◆ Task objective:
From the line that holds "The best non-coaster" down to the last line of the listing below, reproduce each line exactly and nothing more, omitting pictures.

◆ Data excerpt:

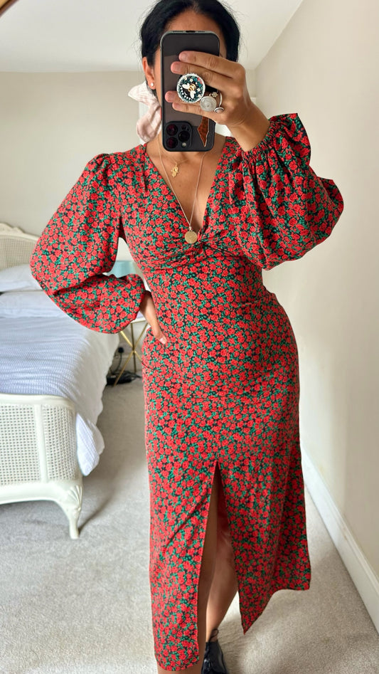 Topshop red rose balloon sleeve backless event dress extra large UK 12 14 vgc w25
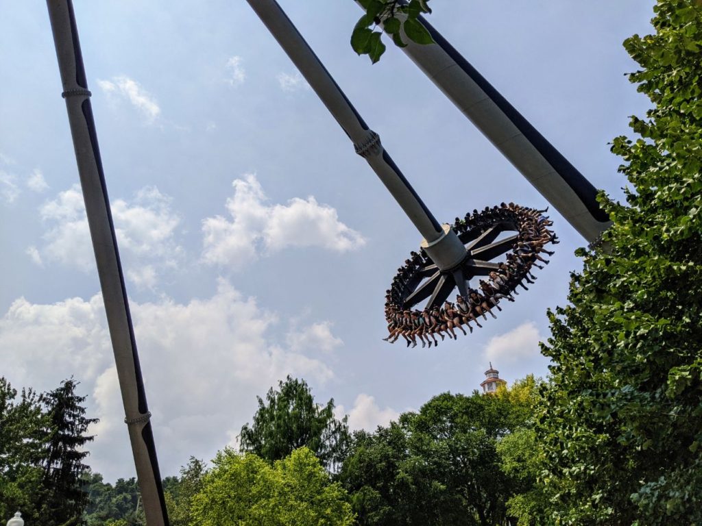 The best non-coaster ride at the park is the Aero 360 – two swinging Kennywood signs that take you up and over several times and in both directions! Most seats face each other, but I like best the seats on each end so you can see the view (and not some people you don’t know.) It’s luck of the draw, however, you can’t wait for those seats.
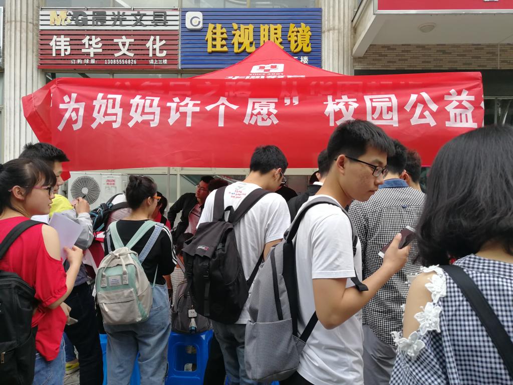 在佳山校区三食堂门口举办“为妈妈许个愿”校园公益活动。路过的同学积极参与到活动中,在纸条上为自己的母亲写下一段段真挚感人的祝福,然后投放在漂流瓶中。短短一天的时间,载着祝福的纸条就装满了3个瓶子。“萱草生堂阶,游子行天涯;慈母依堂前,不见萱草花。感谢我的母亲!感谢天下所有的母亲!”“母爱是一首深情的歌,婉转悠扬,轻吟浅唱。在美好的节日,祝愿我的妈妈身体健康、万事如意!” 有同学这样写道。
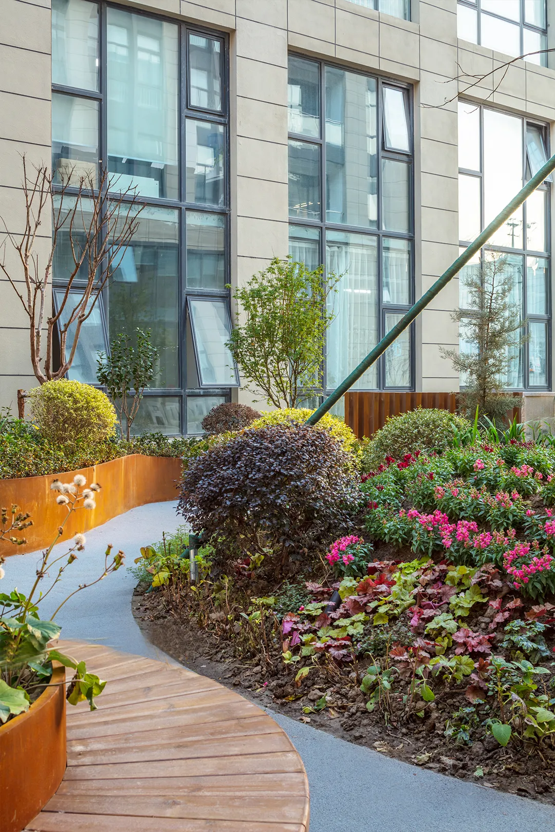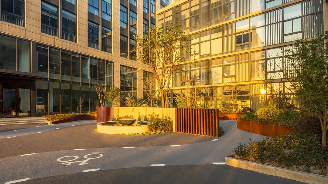 Since the client is a bicycle-driven enterprise, he hopes to integrate some elements of the enterprise into the landscape when making this landscape. The designer creates a mini-park themed by bicycles in this space.

◆ Written answer:
 The best non-coaster ride at the park is the Aero 360 – two swinging Kennywood signs that take you up and over several times and in both directions! Most seats face each other, but I like best the seats on each end so you can see the view (and not some people you don’t know.) It’s luck of the draw, however, you can’t wait for those seats.
 在佳山校区三食堂门口举办“为妈妈许个愿”校园公益活动。路过的同学积极参与到活动中,在纸条上为自己的母亲写下一段段真挚感人的祝福,然后投放在漂流瓶中。短短一天的时间,载着祝福的纸条就装满了3个瓶子。“萱草生堂阶,游子行天涯;慈母依堂前,不见萱草花。感谢我的母亲!感谢天下所有的母亲!”“母爱是一首深情的歌,婉转悠扬,轻吟浅唱。在美好的节日,祝愿我的妈妈身体健康、万事如意!” 有同学这样写道。
 Since the client is a bicycle-driven enterprise, he hopes to integrate some elements of the enterprise into the landscape when making this landscape. The designer creates a mini-park themed by bicycles in this space.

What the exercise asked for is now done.